Question

Concave mirror of radius of curvature $20\text{cm}$ has object placed $15\text{cm}$ from its pole on the principle axis. Which of the following correctly determine the position of the image, magnification and nature of image.

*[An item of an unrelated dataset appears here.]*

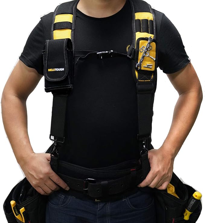 🛠️Tool Belt Harness -- If you want to replace your old one tool belt suspender , this one is your perfect choose .If you feel back pain and tool belt with heavy weight pouch , you need take this one with no regretful .

• A. $-30\text{cm}$, $+2$, virtual
• B. $-30\text{cm}$, $-2$, Real
• C. $+15\text{cm}$, $-2$, Real
• D. $-30\text{cm}$, $+2$, Real

Answer 1

The correct option is B $-30\text{cm}$, $-2$, Real

Given,

Radius of curvature, $R=-20\text{cm}$

Object distance, $u$ = $-15\text{cm}$

focal length, $f=\frac{R}{2}=-10\text{cm}$


Using mirror formula:
$\frac{1}{v}+\frac{1}{u}=\frac{1}{f}$

$\Rightarrow \frac{1}{v}=\frac{1}{-10}-\frac{1}{-15}$

$\Rightarrow v=-30\text{cm}$

So, the image formed is at distance $30\text{cm}$ left of the pole.
As $v$ is negative, so the image formed is real and formed in front of the mirror.

We know that the magnification formula is,

$m=\frac{-v}{u}$

$\Rightarrow m=\frac{-(-30)}{-15}$

$\therefore m=-2$ So, the image formed is also magnified and inverted.

Hence, option (b) is the correct answer.

Why this Question: To understand the concept of mirror formula and image formation by spherical mirrors.